An urn contains four balls bearing numbers 1,2,3 and 123 respectively . A ball is drawn at random from the urn. Let `E_(p) i = 1,2,3` donote the event that digit i appears on the ball drawn
statement 1 : `P(E_(1)capE_(2)) = P(E_(1) cap E_(3)) = P(E_(2) cap E_(3)) = (1)/(4)`
Statement 2 : `P_(E_(1)) = P(E_(2)) = P(E_(3)) = (1)/(2)`

To solve the problem, we need to analyze the events defined in the question and calculate the probabilities accordingly. ### Step-by-Step Solution: 1. **Identify the Balls in the Urn:** The urn contains four balls with the following numbers: 1, 2, 3, and 123. 2. **Define the Events:** - Let \( E_1 \) be the event that digit 1 appears on the ball drawn. - Let \( E_2 \) be the event that digit 2 appears on the ball drawn. - Let \( E_3 \) be the event that digit 3 appears on the ball drawn. 3. **Calculate the Probability of Each Event:** - For \( E_1 \): The balls that contain the digit 1 are: 1 and 123. Therefore, the number of favorable outcomes for \( E_1 \) is 2. \[ P(E_1) = \frac{\text{Number of favorable outcomes for } E_1}{\text{Total number of balls}} = \frac{2}{4} = \frac{1}{2} \] - For \( E_2 \): The balls that contain the digit 2 are: 2 and 123. Therefore, the number of favorable outcomes for \( E_2 \) is 2. \[ P(E_2) = \frac{2}{4} = \frac{1}{2} \] - For \( E_3 \): The balls that contain the digit 3 are: 3 and 123. Therefore, the number of favorable outcomes for \( E_3 \) is 2. \[ P(E_3) = \frac{2}{4} = \frac{1}{2} \] 4. **Check Statement 2:** According to Statement 2, \( P(E_1) = P(E_2) = P(E_3) = \frac{1}{2} \).
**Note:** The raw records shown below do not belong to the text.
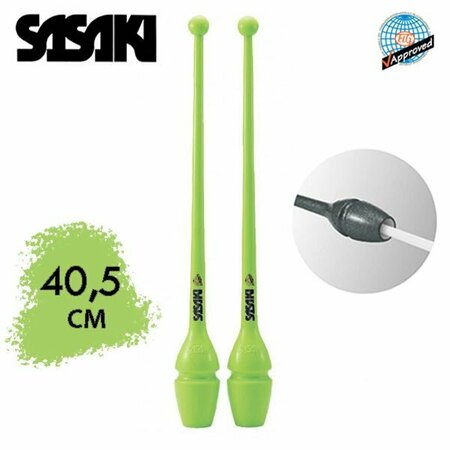 Булавы SASAKI 40,5см. Двойная система фиксации: легкая фиксация - для быстрого движения, сильная фиксация - для динамического движения. Предметы Sasaki признаны лучшими в мире, с ними легко учиться новичкам и работать профессиональным гимнасткам - проверено годами! Резиновые булавы SASAKI состоят из стекловолоконной основы, которая придает им прочности и уританового покрытия сверху, которое, как и литая форма, сокращает возможность появления трещин и расколов и содействует динамичным броскам во время выступления. Булава, если вытянуть её вдоль руки, держа в кисти за маленькую головку, должна доходить до середины плеча так, чтобы было удобно её держать и выполнять различные вращения булавой. Булава не должна касаться носа или подбородка. Хранить булавы необходимо в специальном чехле. Чехол для булав поможет сохранить булавы в чистоте и защитить от возможных царапин в сумке. Булавы можно украсить при помощи разноцветных Обмоток. Существует большой выбор клейких обмоток самых разных цветов и оттенков, из которых вырезаются узоры и наклеиваются на булавы. Материал: Каучук(резина) Сертифицированы Международной федерацией гимнастики.(FIG)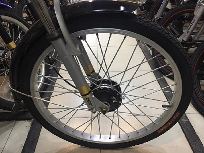 Xe đạp điện thường sử dụng bánh xe có kích thước từ 16 đến 28 inch, tùy thuộc vào loại xe và mục đích sử dụng. Lốp xe có thể là loại lốp hơi hoặc lốp đặc: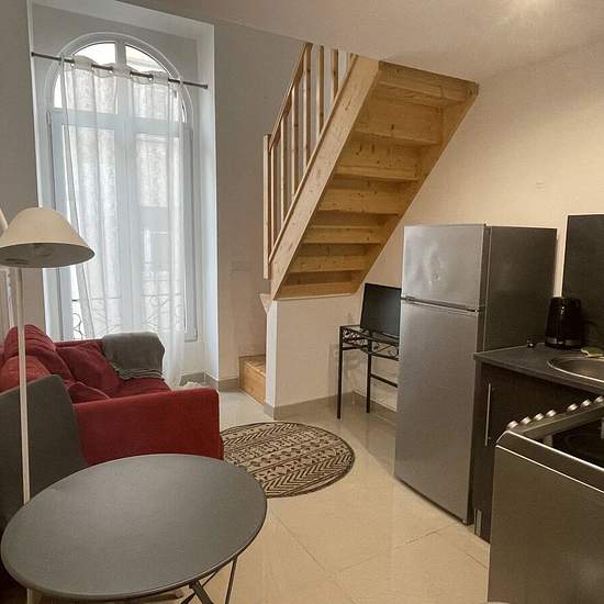 Ideally located in the heart of Nice, a stone's throw from Place Masséna and the shopping avenue Jean Médecin, on the top floor of a well-maintained building, duplex studio comprising: a living area with fitted and equipped kitchenette, a mezzanine sleeping area and a shower room with WC. Rent €682; charges €23 (cold water included); TEOM €7. Available from January 9 — view without delay! Agency fees: €13/m².

Since we have calculated all three probabilities to be \( \frac{1}{2} \), Statement 2 is **true**. 5. **Calculate the Intersection of Events:** - For \( P(E_1 \cap E_2) \): This is the probability that both digits 1 and 2 appear on the drawn ball. The only ball that contains both digits is 123. \[ P(E_1 \cap E_2) = \frac{1}{4} \] - For \( P(E_1 \cap E_3) \): This is the probability that both digits 1 and 3 appear on the drawn ball. The only ball that contains both digits is 123. \[ P(E_1 \cap E_3) = \frac{1}{4} \] - For \( P(E_2 \cap E_3) \): This is the probability that both digits 2 and 3 appear on the drawn ball. The only ball that contains both digits is 123. \[ P(E_2 \cap E_3) = \frac{1}{4} \] 6. **Check Statement 1:** According to Statement 1, \( P(E_1 \cap E_2) = P(E_1 \cap E_3) = P(E_2 \cap E_3) = \frac{1}{4} \). Since we have calculated all three intersections to be \( \frac{1}{4} \), Statement 1 is **true**. ### Conclusion: Both Statement 1 and Statement 2 are true.